Sloppy Enactments
You thought I was going to say don't do them, didn't you?
Here's the thing. I'm an EFT Supervisor and sometimes I just can't get the beautiful nugget. Often it's early stage one and there's more tuning in that I need to do. I need to make sure I really have a good grasp on the attachment dilemma that person holds inside. (The very good reason they don't share or even know about the part of them that is tender and very much needs their partner).
Part of finding that is by seeing it in action!
George Faller and Wesley Little did a fabulous YouTube video called "Getting Comfortable with Enactments." In it, George narrows it down to three things.
Enact when it's:
1-new
2-from view of self
3-risky to share (vulnerable)
What if, as hard as you try, you can't get there? You maybe have "new" and "risky to share," but it's still view of other.
I say - just do a sloppy enactment.
Go ahead and send it across anyway. You'll get a block and maybe what they need more than anything is your response to it.
Think about it.
Have you ever gotten stuck with a loved one, or maybe in your own head (individual work, people!)? How meaningful would it be to have someone (AFTER you do the thing that you always do - the "bad behavior" or expression of anger) drop out of the sky - right into your living room and say, "OH!!! I get it! You've been trying so hard to get your point across and no one is listening so your last ditch effort is to scream! And how awful for you because more than anything you need someone close!"
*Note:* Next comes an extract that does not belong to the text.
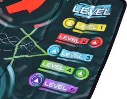 Le tapis propose différents modes et niveaux de difficulté qui font progresser les enfants pas à pas tout en maintenant leur attention et leur motivation à bouger.

As we learn, we can do one of two things - enact too often without focus (just following emotion/content without organizing it and staying with it) or don't enact at all (too scared to make it worse).
Maybe if you make your goal "sloppy enactments" - you'll find a middle ground. Attempt the focused, setting the stage enactment, but if the struggle is real - trust that your response (after the "bad enactment") is what matters most.